Genomic structural variants constrain and facilitate adaptation in natural populations of Theobroma cacao, the chocolate tree

Abstract

Genomic structural variants (SVs) can play important roles in adaptation and speciation. Yet the overall fitness effects of SVs are poorly understood, partly because accurate population-level identification of SVs requires multiple high-quality genome assemblies. Here, we use 31 chromosome-scale, haplotype-resolved genome assemblies of Theobroma cacao-an outcrossing, long-lived tree species that is the source of chocolate-to investigate the fitness consequences of SVs in natural populations. Among the 31 accessions, we find over 160,000 SVs, which together cover eight times more of the genome than single-nucleotide polymorphisms and short indels (125 versus 15 Mb). Our results indicate that a vast majority of these SVs are deleterious: they segregate at low frequencies and are depleted from functional regions of the genome. We show that SVs influence gene expression, which likely impairs gene function and contributes to the detrimental effects of SVs. We also provide empirical support for a theoretical prediction that SVs, particularly inversions, increase genetic load through the accumulation of deleterious nucleotide variants as a result of suppressed recombination. Despite the overall detrimental effects, we identify individual SVs bearing signatures of local adaptation, several of which are associated with genes differentially expressed between populations. Genes involved in pathogen resistance are strongly enriched among these candidates, highlighting the contribution of SVs to this important local adaptation trait. Beyond revealing empirical evidence for the evolutionary importance of SVs, these 31 de novo assemblies provide a valuable resource for genetic and breeding studies in Tcacao.

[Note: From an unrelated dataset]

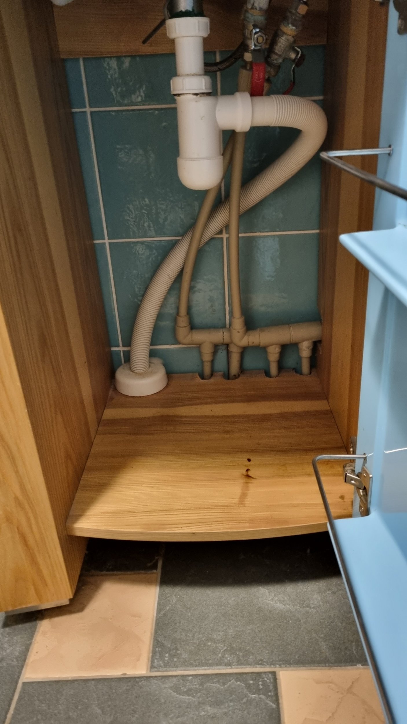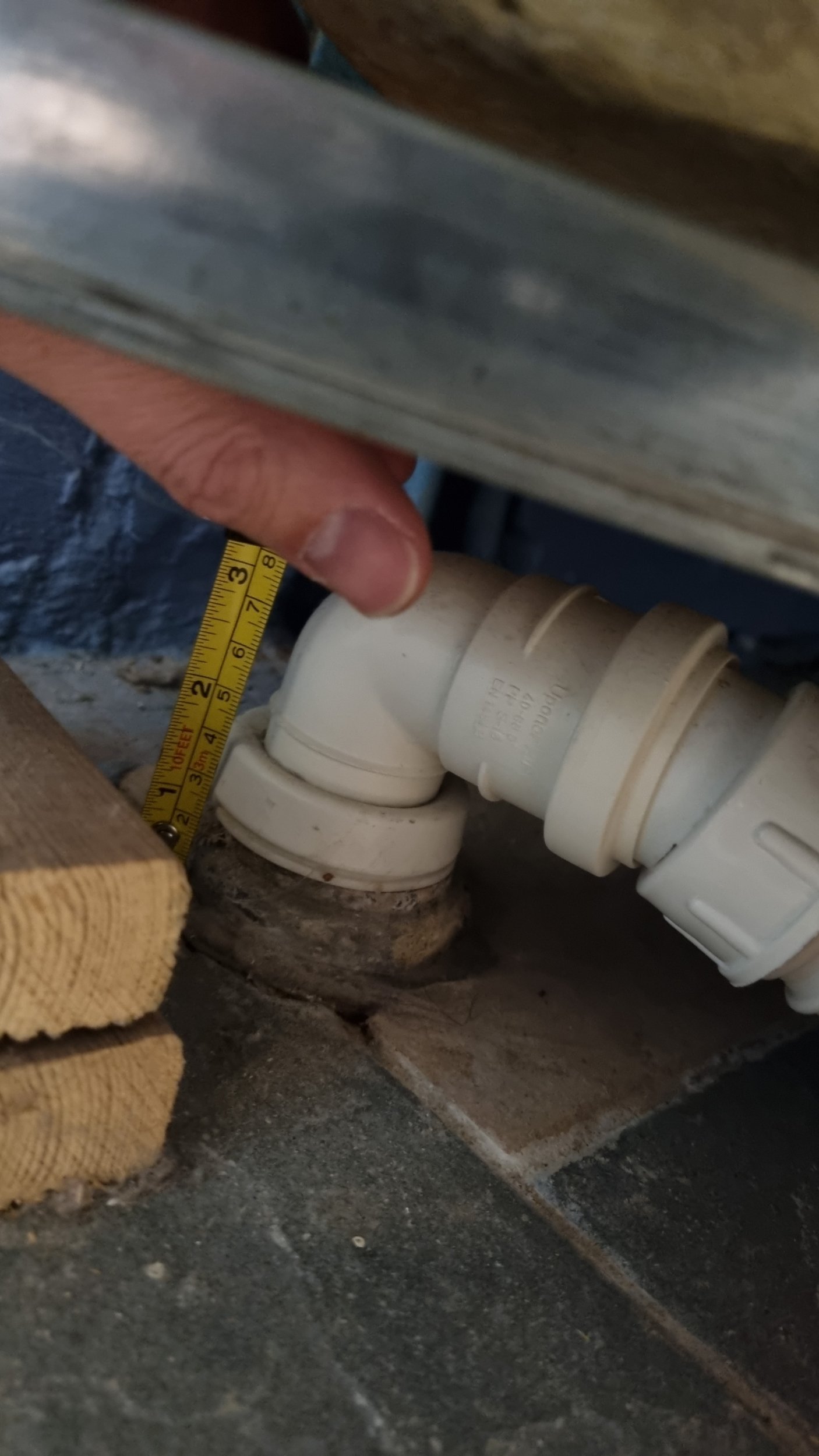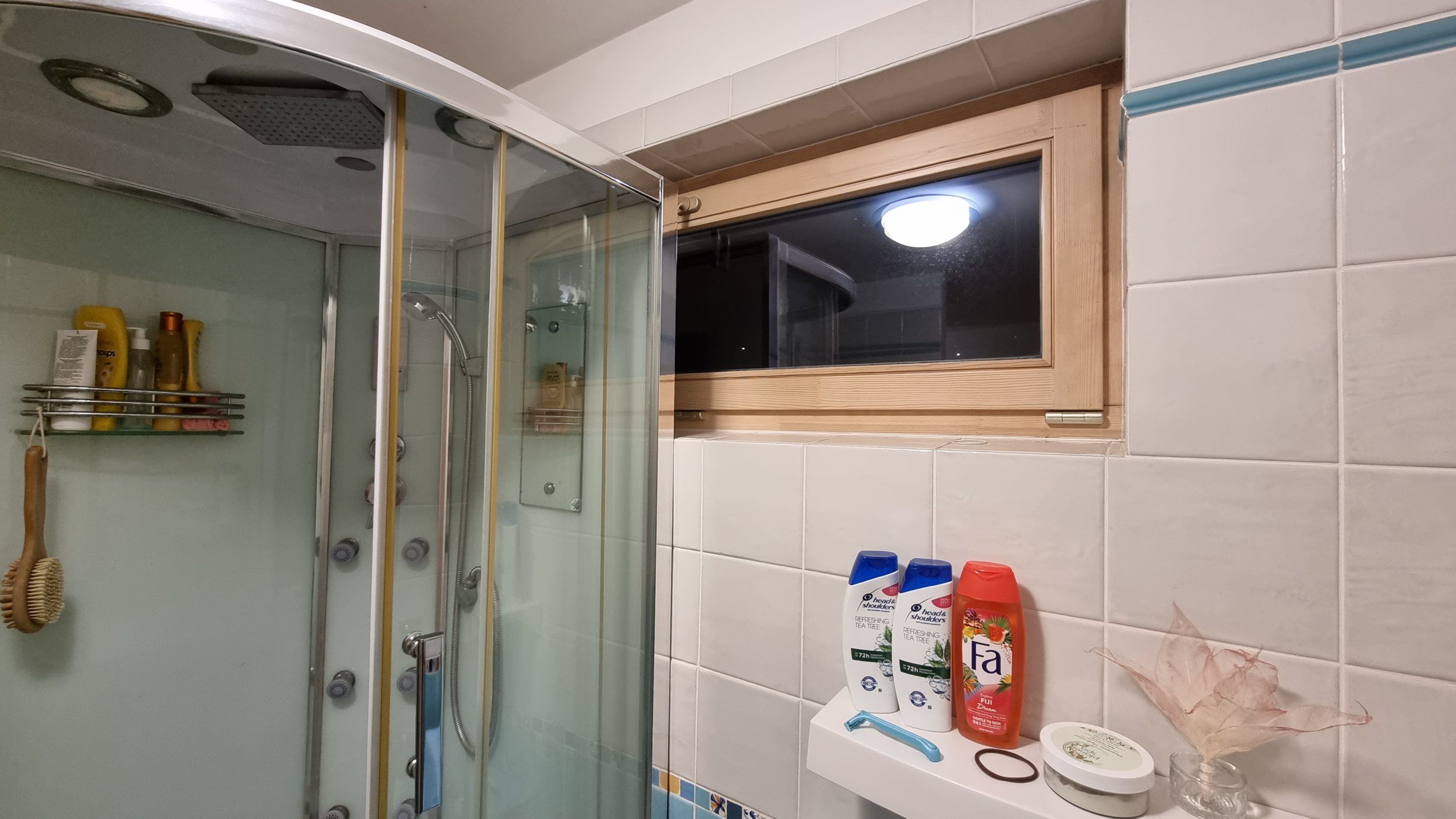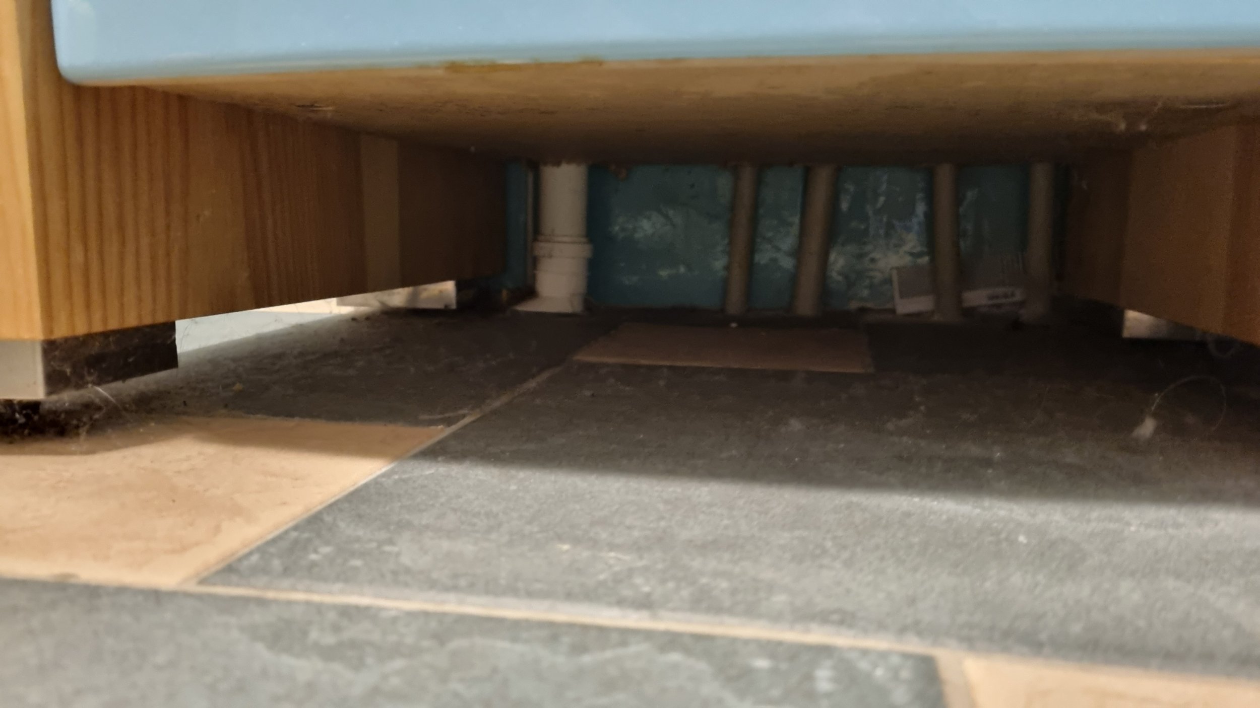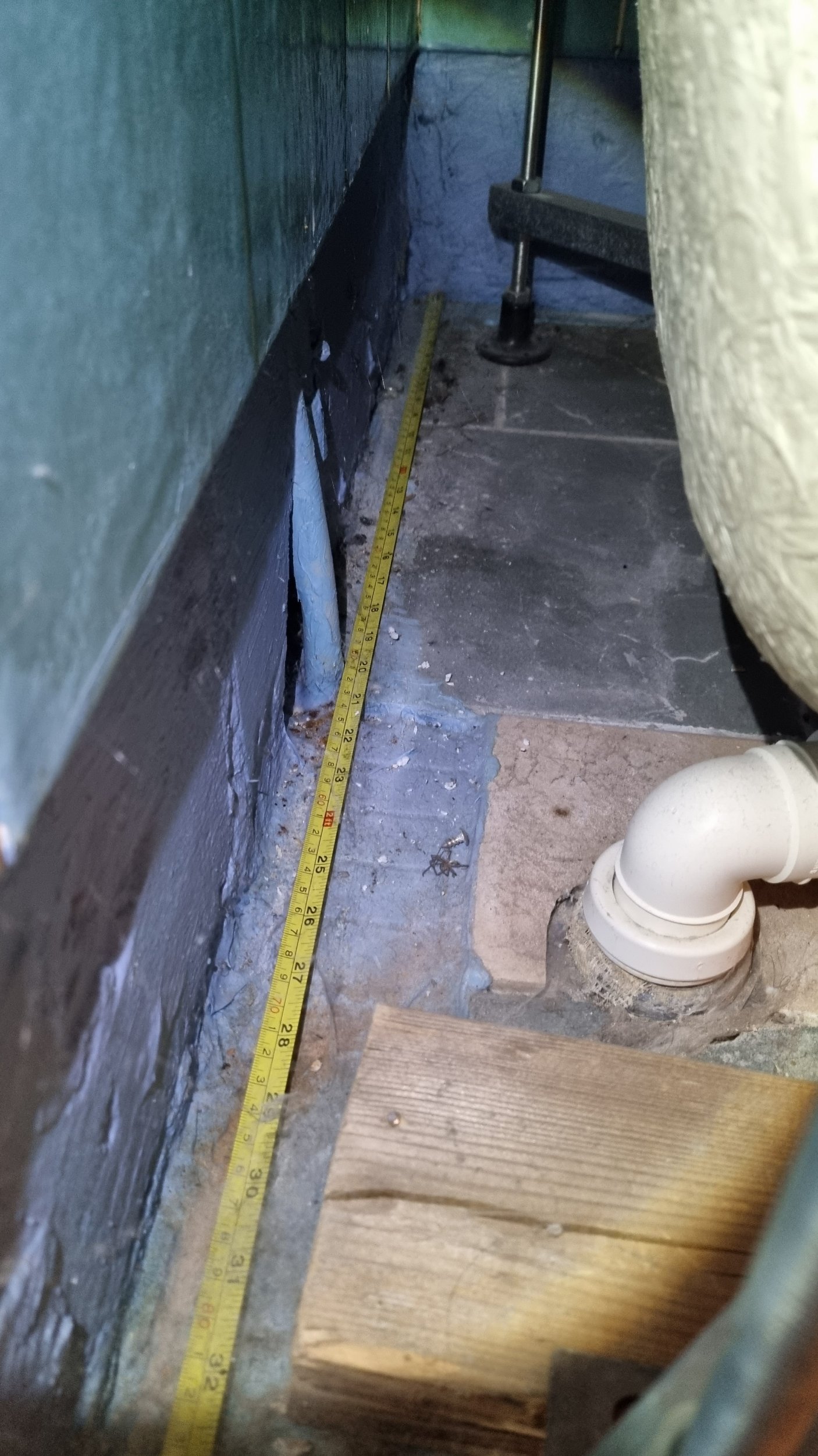 • Dušinurga all jooksevad kaks küttetoru, mis lähevad seina alt sauna. Paistab, et sauna sein on ehitatud pärast põranda valamist. Üks küttetoru jookseb 5 cm kauguselt äravoolutorust. Teine on juba märksa kaugemal.

Keywords: cacao; de novo assembly; genetic load; local adaptation; structural variants.

Fig. 1.

SVs identified from 62 high-quality genome assemblies. (A) Approximate locations of the study populations. (B) Sequence contiguity (based on the 5,000 longest contigs) between the two published reference assemblies (black lines) and our 31 assemblies (one haplotype per accession; colored lines). For each of our assemblies, the cumulative sequence length increases faster than in the reference genomes, indicating higher contiguity. (C) The number of SVs identified for each accession. (D) The number of SVs overlapping different genomic features, counted individually for each accession. (E) The number of uniquely located SVs at different regions of the genome, counted in windows of 2 Mb.

Fig. 2.

Fitness effects of SVs. (A) AFS for each SV type, compared to synonymous (sSNP) and nonsynonymous (nSNP) nucleotide variants. (B) AFS for SVs overlapping different genomic features. (C) Measures of selective constraint at genes affected by SVs. Shown are the ratio of nonsynonymous to synonymous nucleotide diversity (π_N/π_S) and the ratio of nonsynonymous to synonymous nucleotide divergence (d_N/d_S) for genes within the SVs and for genes overlapping the SV breakpoints. Gray horizontal lines show medians of control genes. (D) The probability that a variant within 5 Kb of a gene is associated with its expression. The SV results are compared to randomized data (RAND) and SNPs. Common variant: MAF > 0.05, rare variant: MAF ≤ 0.05. Error bars show 95% CIs.

Fig. 3.

Genetic load at inversions. (A) Absolute nucleotide differentiation (d_XY) between the major and minor homozygotes (INV), compared to random collinear regions of equal size (CTRL). (B) Average decay of linkage disequilibrium as a function of physical distance in collinear regions and in the major and minor INV homozygotes (estimated using the same sample size). (C) Percentage of derived nucleotide alleles in collinear regions and in the major and minor INV homozygotes. Results are divided into intergenic regions (>5 Kb from each gene), synonymous sites (4-fold), and nonsynonymous sites (0-fold). Error bars show 95% CIs. (D) The percentage of nonsynonymous SNPs predicted to be deleterious. Error bars show 95% CIs.

Fig. 4.

SVs and local adaptation. (A) Variation along the first two eigenvectors of a principal components analysis conducted with SVs. (B) The distribution of F_ST estimates for the three SV types compared to simulated neutral samples (SIM). (C) Example of a nonrecombining haplotype block, caused by a 330-Kb INV (shaded area). Shown are SNP-based F_ST estimates between the Iquitos and Nanay populations. (D) Expression level at genes affected by selection outlier SVs. Shown are five genes with the largest proportion of expression variance explained by the SVs (R²). (E) Relationship between 126 resequenced cacao accessions (30) used in genotyping our assembly-based SVs. Accessions are labeled according to their largest contributing ancestral population. Shown are t-distributed stochastic neighbor embedding (t-SNE) projections performed on genome-wide SNP data (SI Appendix, Fig. S19 shows t-SNE on SV data.) (F) P values from an ancestry-based genome scan, conducted using 3,011 SVs genotyped for the 126 accessions. Red dashed line: Q < 0.1.